Question

How do you find the cube roots $\sqrt[3]{27}$?

Answer 1

Hint: We try to form the indices formula for the value 3. This is a cube root of 432. We find the prime factorisation of 27. Then we take one digit out of the three same number of primes. There will be no odd number of primes remaining in the root which can’t be taken out. We keep the cube root in its simplest form.

Complete step by step answer:
We need to find the value of the algebraic form of $\sqrt[3]{27}$. This is a cube root form.
The given value is the form of indices.
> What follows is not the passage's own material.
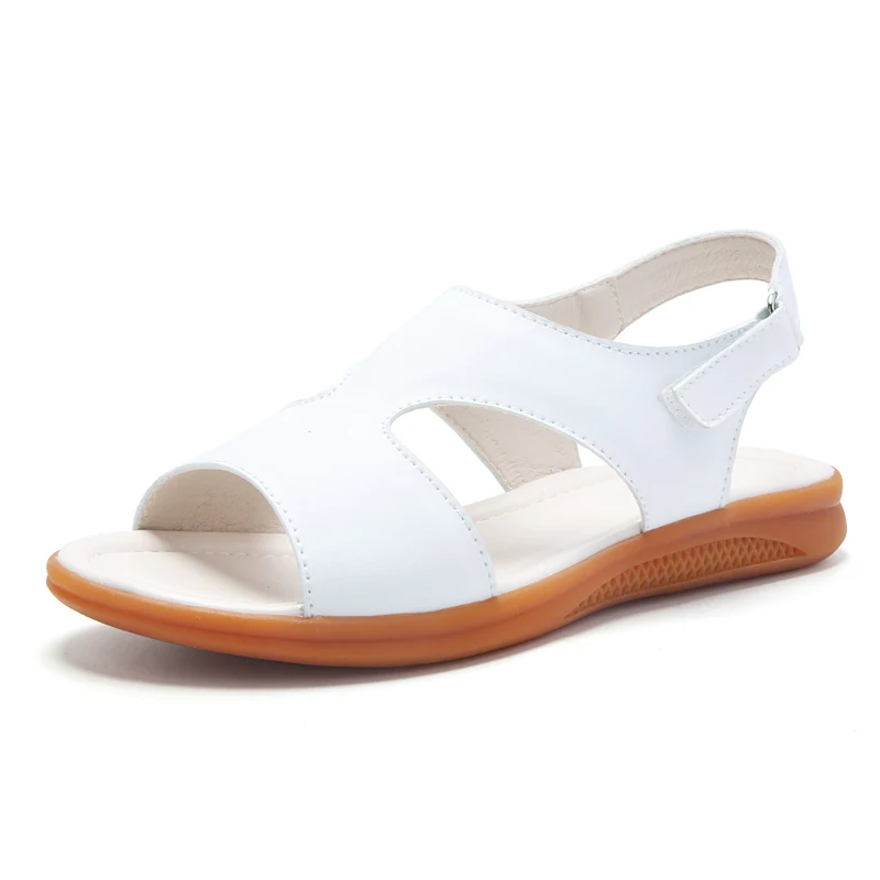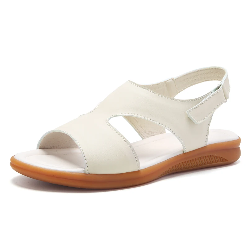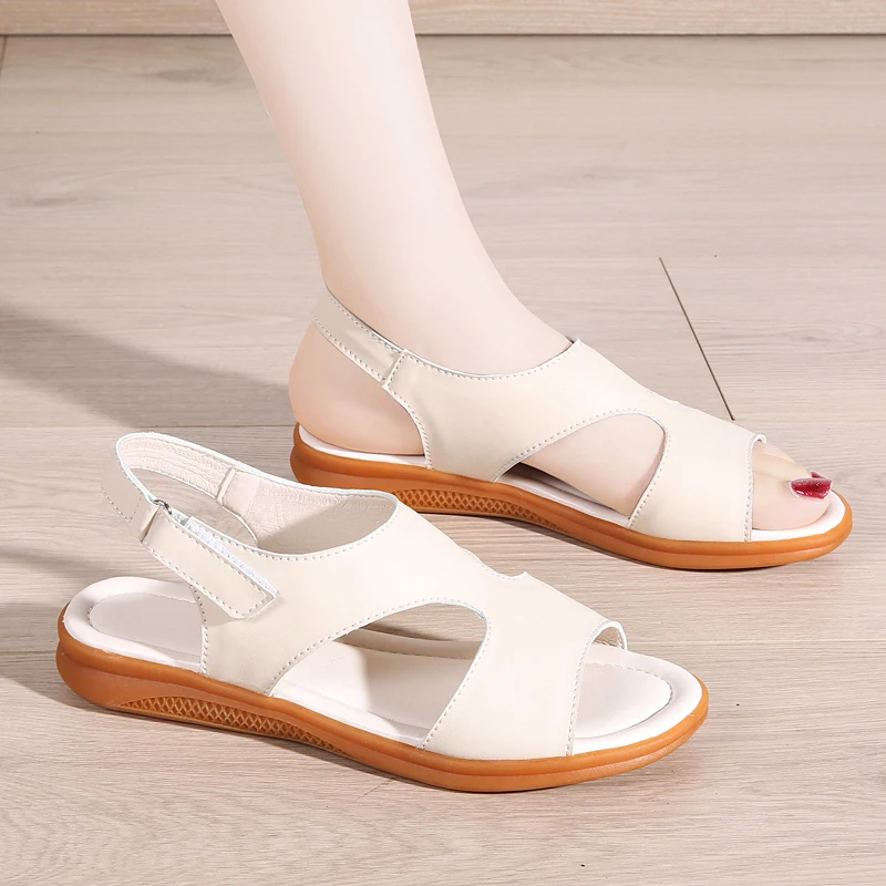 Sandales plates d'été pour femmes, nouveau style, chaussures pour femmes décontractées et à la mode, 100% cuir véritable, semelle souple antidérapante |

We are trying to find the root value of 27.
We know the theorem of indices \[{{a}^{\dfrac{1}{n}}}=\sqrt[n]{a}\]. Putting value 3 we get \[{{a}^{\dfrac{1}{3}}}=\sqrt[3]{a}\].
We need to find the prime factorisation of the given number 27.
$\begin{align}
  & 3\left| \!{\underline {\,
  27 \,}} \right. \\
 & 3\left| \!{\underline {\,
  9 \,}} \right. \\
 & 3\left| \!{\underline {\,
  3 \,}} \right. \\
 & 1\left| \!{\underline {\,
  1 \,}} \right. \\
\end{align}$
Therefore, \[27=3\times 3\times 3\].
For finding the cube root, we need to take one digit out of the three same number of primes.
This means in the cube root value of \[27=3\times 3\times 3\], we will take out one 3 from the multiplication.
So, $\sqrt[3]{27}=\sqrt[3]{3\times 3\times 3}=3$. Basically 27 is the cube of 3.
We can also use the theorem of indices \[{{\left( {{a}^{x}} \right)}^{y}}={{a}^{xy}}\]. We know that $27={{\left( 3 \right)}^{3}}$.
We need to find $\sqrt[3]{27}$ which gives $27={{\left( 3 \right)}^{3}}={{\left[ {{3}^{3}} \right]}^{\dfrac{1}{3}}}={{\left( 3 \right)}^{3\times \dfrac{1}{3}}}=3$.
Therefore, the value of $\sqrt[3]{27}$ is 3.

Note:
We can also use the variable form where we can take $x=\sqrt[3]{27}$. But we need to remember that we can’t use the cube on both sides of the equation $x=\sqrt[3]{27}$ as in that case we are taking two extra values as a root value. Then this linear equation becomes a cubic equation.